[Records excerpted from a collection]

━━━

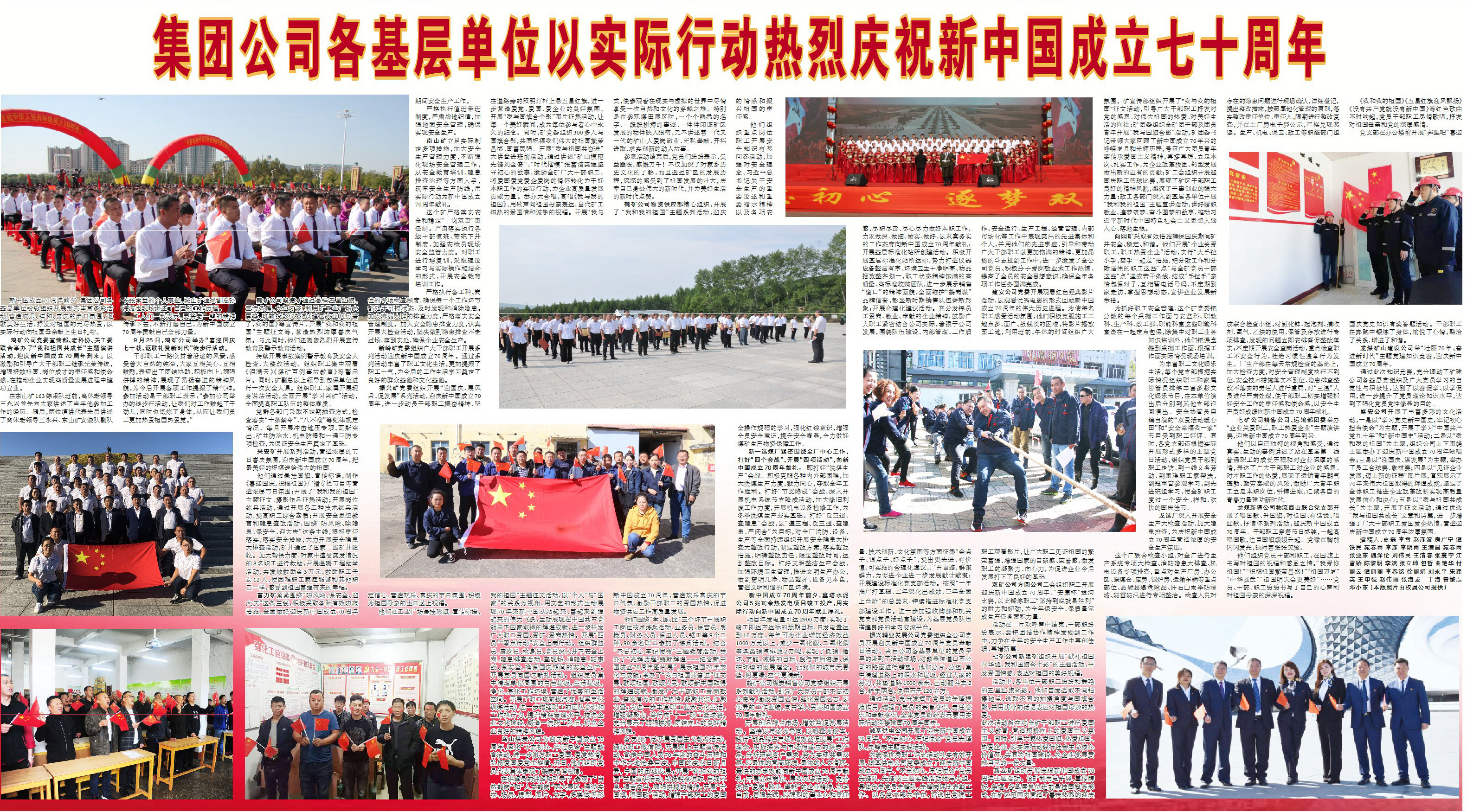 ¡¡¡¡Ð˰²¿ó¿ªÕ¹ÏµÁÐÔ˶¯£¬ÓªÔìō֨µÄ½ÚÈÕϲÇìÆø·Õ£¬ÓÇìÐÂÖйú½¨Éè70ÖÜÄ꣬°Ñ×îÓÅÃÀµÄ×£¸£Ë͸øÎ°´óµÄ׿¹ú¡£
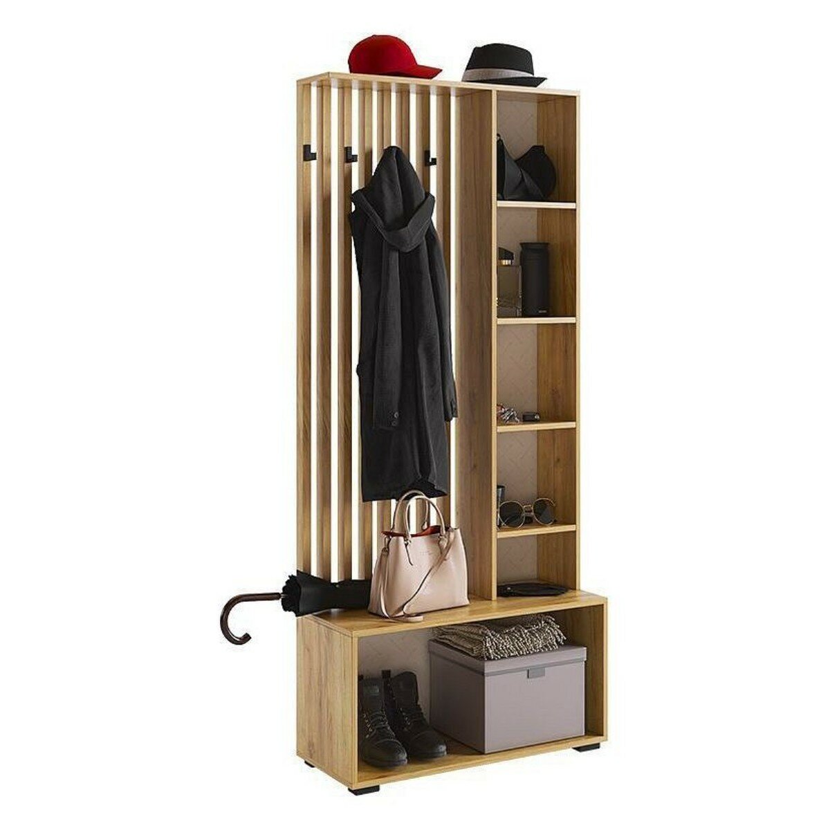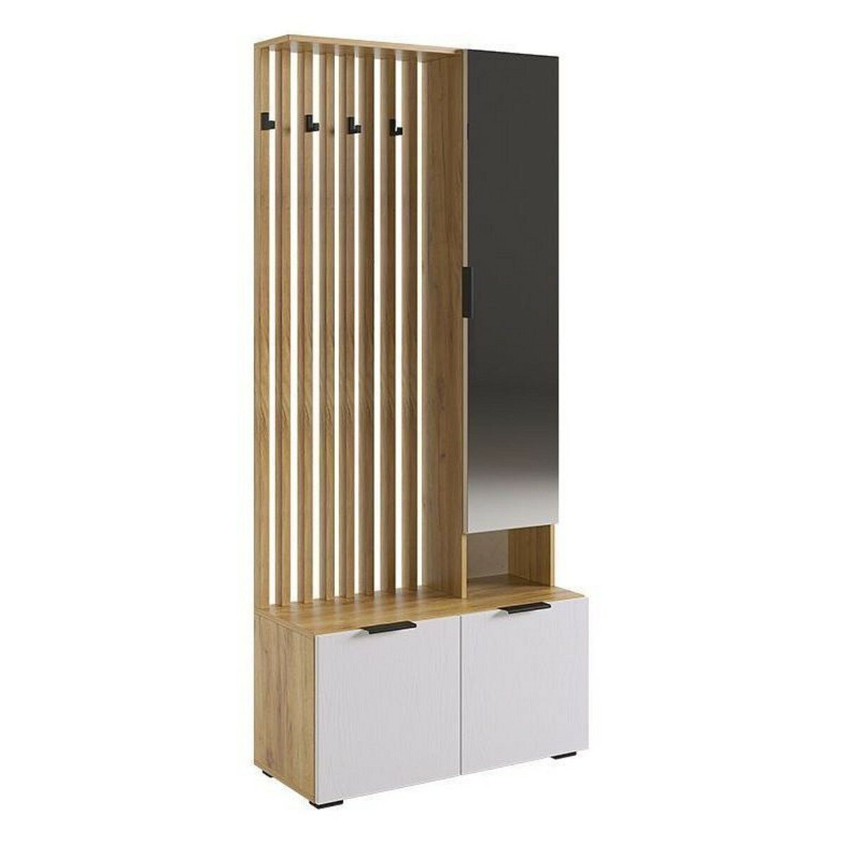 Купить HESBY Стенка для прихожей Elegant Luxury с зеркалом, полками и крючками для одежды, 80x35x183см, дуб крафт золотой / белый
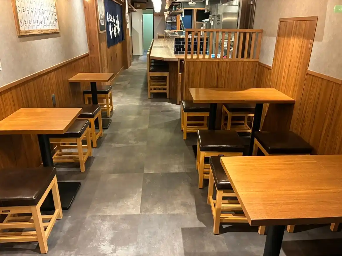 店内は、木の温もりを活かした和モダンな空間に、お一人様でも立ち寄りやすいカウンター席に加え、お酒を片手に串焼きやおつまみをゆったり楽しめるテーブル席をご用意。仕事帰りの一杯や、ご友人同士での集まりなど、さまざまなシーンでご利用いただけます。 |
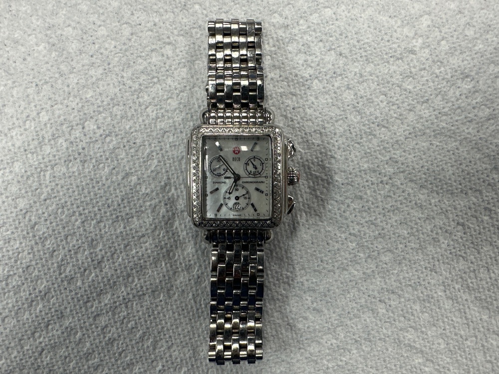 Elevate your style in seconds with the MICHELE 71-6000 DECO Watch. A symphony of elegance and time-keeping precision, this dazzling accessory captivates with its diamond-studded bezel and mother of pearl dial. Limited edition, it adds an extraordinary hint of opulence to any ensemble. Embrace exclusivity. Wear time as your best adornment.
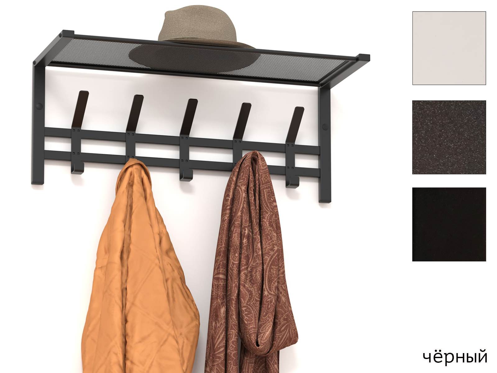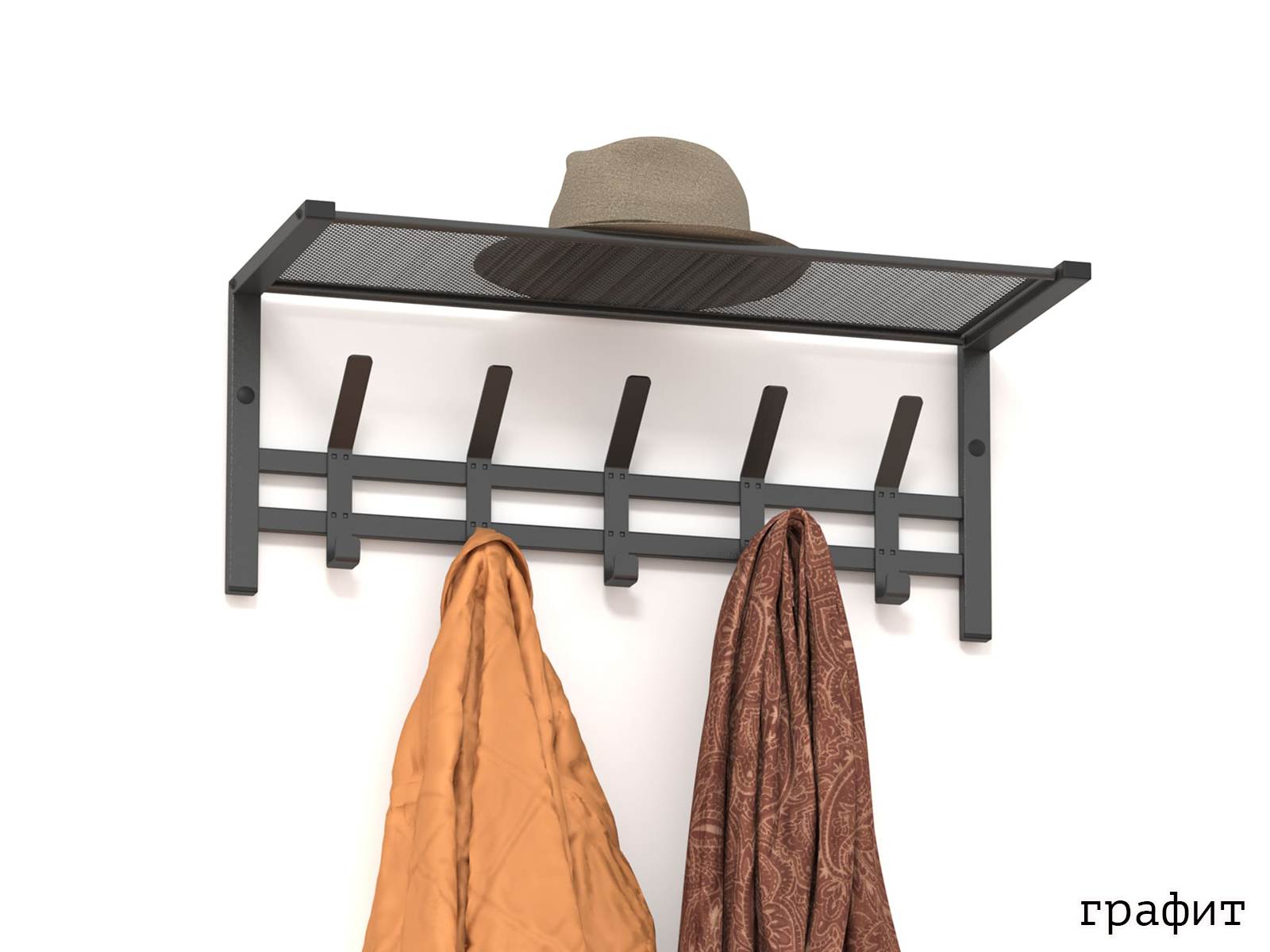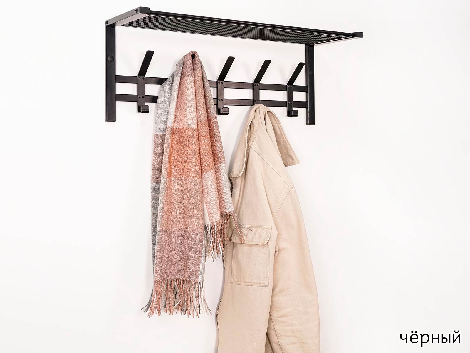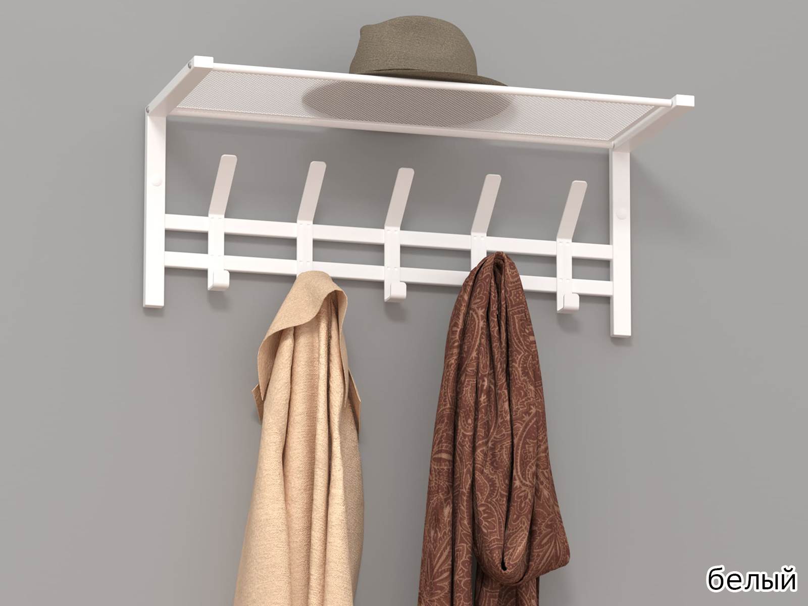 Конструкция с пятью крючками для одежды и полкой для головных уборов.

━━━

__PROBLEM STATEMENT__: When you copy the records above, keep every word exact and drop the pictures.

__ANSWER BOX__:
 ¡¡¡¡Ð˰²¿ó¿ªÕ¹ÏµÁÐÔ˶¯£¬ÓªÔìō֨µÄ½ÚÈÕϲÇìÆø·Õ£¬ÓÇìÐÂÖйú½¨Éè70ÖÜÄ꣬°Ñ×îÓÅÃÀµÄ×£¸£Ë͸øÎ°´óµÄ׿¹ú¡£
 Купить HESBY Стенка для прихожей Elegant Luxury с зеркалом, полками и крючками для одежды, 80x35x183см, дуб крафт золотой / белый
 店内は、木の温もりを活かした和モダンな空間に、お一人様でも立ち寄りやすいカウンター席に加え、お酒を片手に串焼きやおつまみをゆったり楽しめるテーブル席をご用意。仕事帰りの一杯や、ご友人同士での集まりなど、さまざまなシーンでご利用いただけます。 |
 Elevate your style in seconds with the MICHELE 71-6000 DECO Watch. A symphony of elegance and time-keeping precision, this dazzling accessory captivates with its diamond-studded bezel and mother of pearl dial. Limited edition, it adds an extraordinary hint of opulence to any ensemble. Embrace exclusivity. Wear time as your best adornment.
 Конструкция с пятью крючками для одежды и полкой для головных уборов.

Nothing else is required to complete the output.